> _Given entries_
-- -- --

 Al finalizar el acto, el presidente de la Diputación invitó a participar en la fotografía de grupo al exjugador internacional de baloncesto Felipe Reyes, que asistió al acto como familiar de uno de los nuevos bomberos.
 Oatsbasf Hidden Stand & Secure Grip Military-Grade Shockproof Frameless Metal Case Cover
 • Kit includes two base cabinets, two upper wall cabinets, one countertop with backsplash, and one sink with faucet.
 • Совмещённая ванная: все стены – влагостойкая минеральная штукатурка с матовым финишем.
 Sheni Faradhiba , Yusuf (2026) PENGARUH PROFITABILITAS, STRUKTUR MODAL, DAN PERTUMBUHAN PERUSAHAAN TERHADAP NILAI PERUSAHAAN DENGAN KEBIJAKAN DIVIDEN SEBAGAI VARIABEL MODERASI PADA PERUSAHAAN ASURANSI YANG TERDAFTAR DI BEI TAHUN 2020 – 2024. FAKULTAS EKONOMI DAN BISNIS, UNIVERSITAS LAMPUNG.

-- -- --

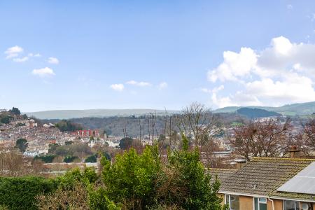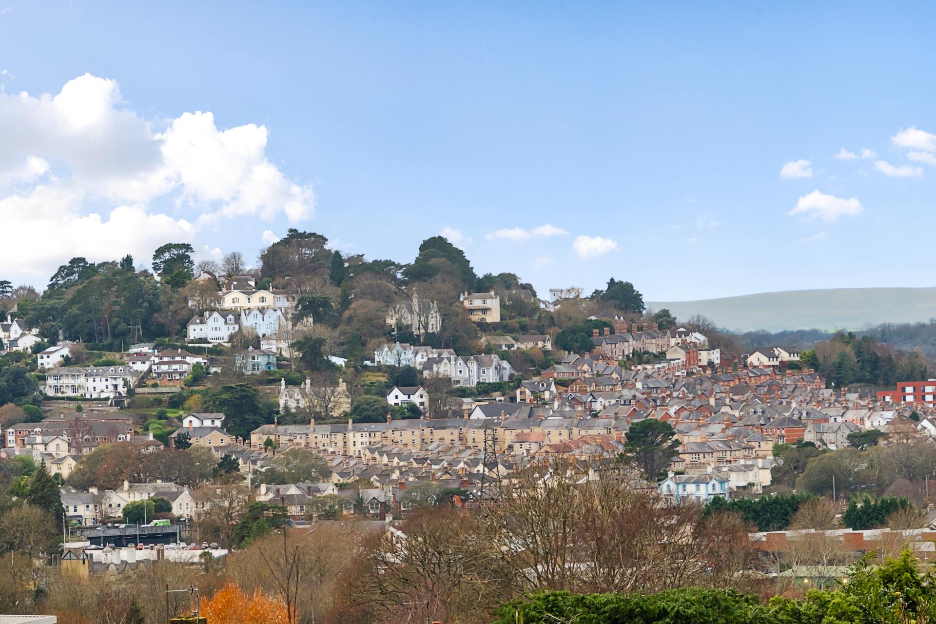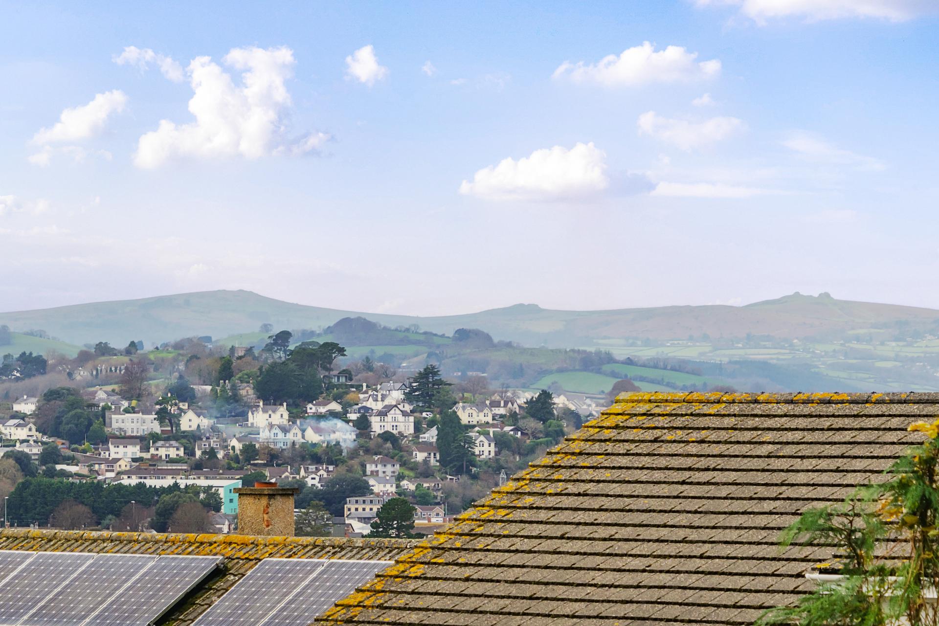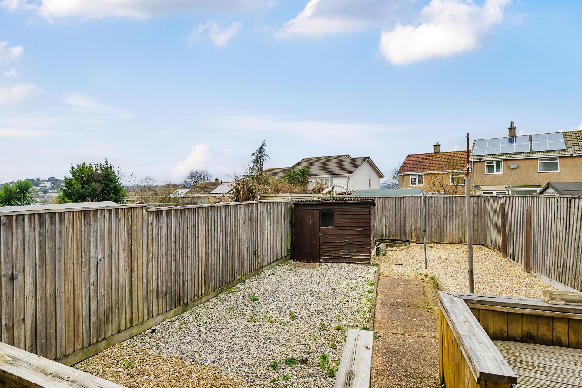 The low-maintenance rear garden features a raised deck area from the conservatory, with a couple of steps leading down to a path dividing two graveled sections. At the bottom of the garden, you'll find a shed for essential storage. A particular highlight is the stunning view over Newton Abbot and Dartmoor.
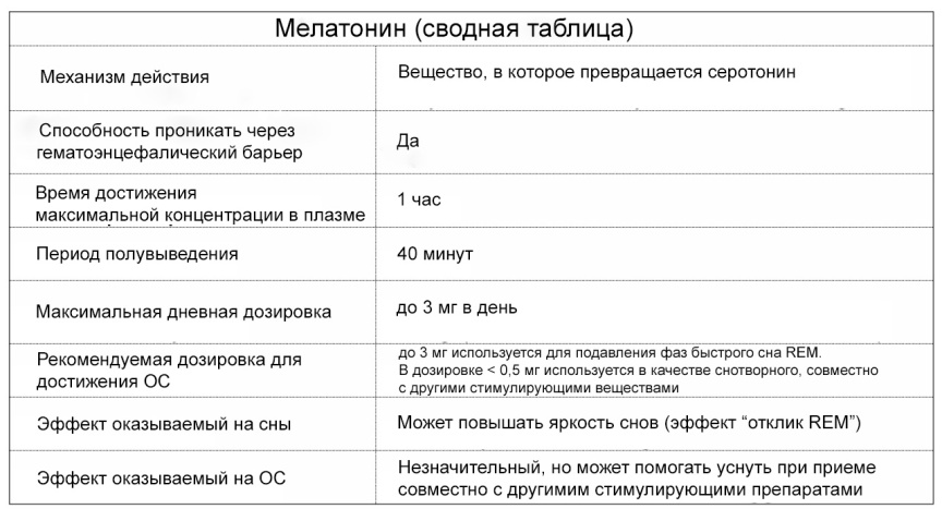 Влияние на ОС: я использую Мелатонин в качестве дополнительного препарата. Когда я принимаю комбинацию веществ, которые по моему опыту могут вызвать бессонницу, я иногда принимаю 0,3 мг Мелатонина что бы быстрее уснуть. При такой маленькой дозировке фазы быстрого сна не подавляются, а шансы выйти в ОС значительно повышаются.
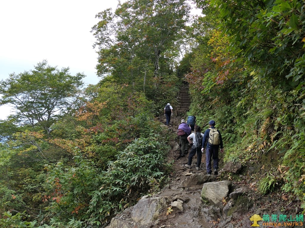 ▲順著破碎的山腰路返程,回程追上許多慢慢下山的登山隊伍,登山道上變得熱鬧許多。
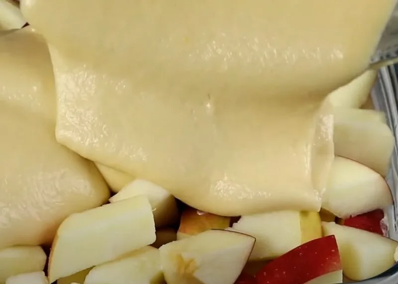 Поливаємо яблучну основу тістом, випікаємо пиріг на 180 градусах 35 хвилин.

-- -- --

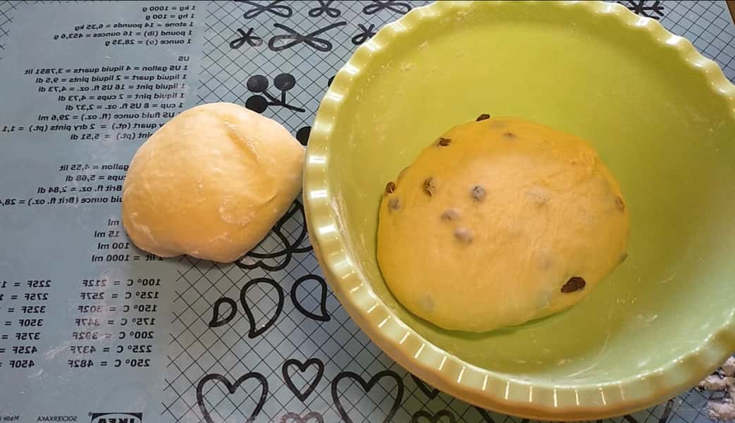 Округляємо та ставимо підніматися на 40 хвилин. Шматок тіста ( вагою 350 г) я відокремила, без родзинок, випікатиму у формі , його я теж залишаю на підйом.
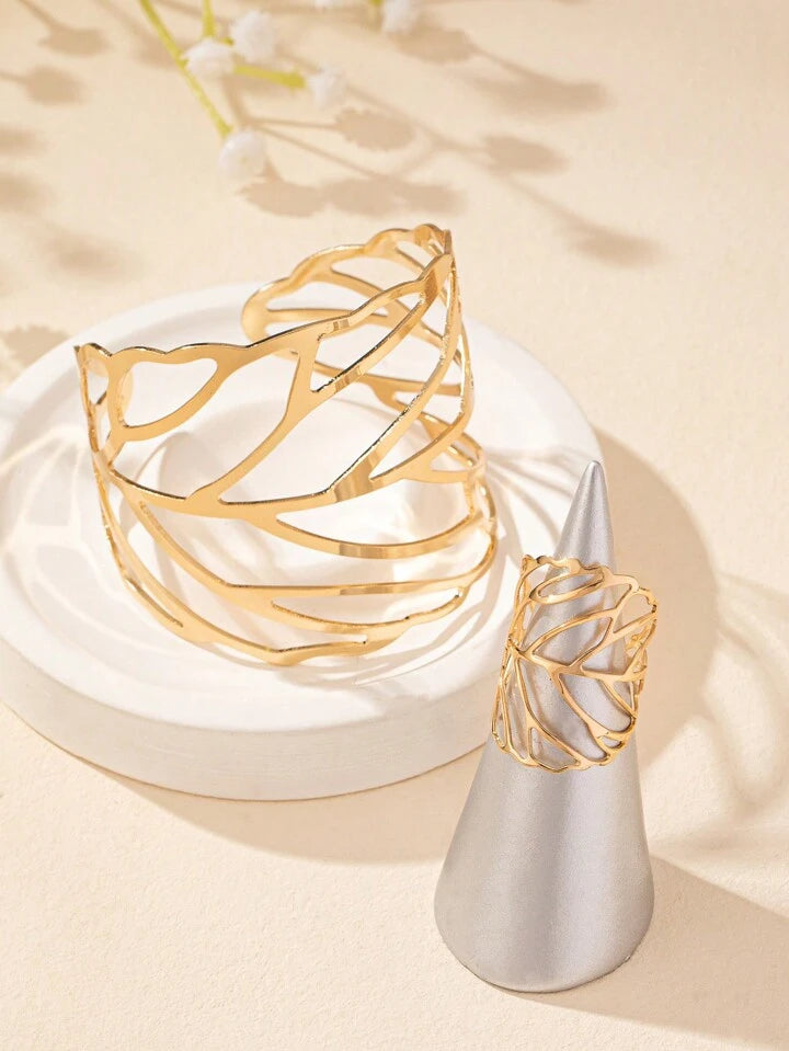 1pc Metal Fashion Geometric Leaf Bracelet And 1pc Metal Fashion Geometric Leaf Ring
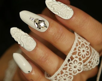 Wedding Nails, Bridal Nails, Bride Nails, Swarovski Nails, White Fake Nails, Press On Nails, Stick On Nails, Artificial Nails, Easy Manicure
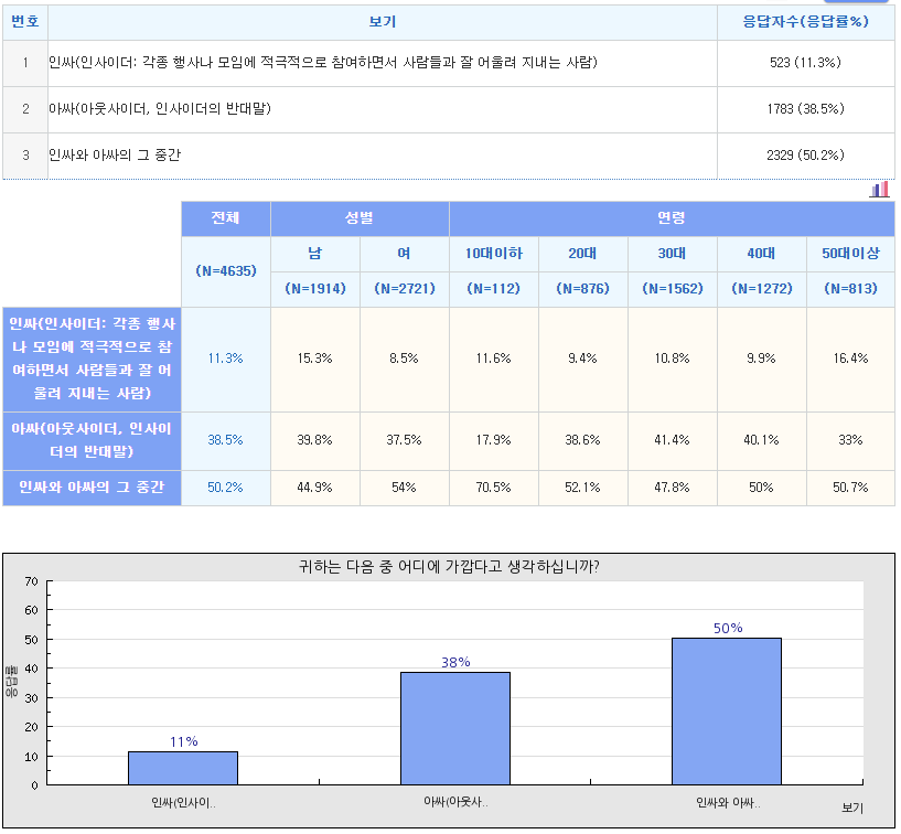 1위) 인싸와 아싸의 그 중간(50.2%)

-- -- --

> _What you will do_
From the listing above, the lines starting with the one that has "sink with faucet." and running through the one that has "с матовым финишем." should be copied exactly, ends included.

> _Expected answer_
 • Kit includes two base cabinets, two upper wall cabinets, one countertop with backsplash, and one sink with faucet.
 • Совмещённая ванная: все стены – влагостойкая минеральная штукатурка с матовым финишем.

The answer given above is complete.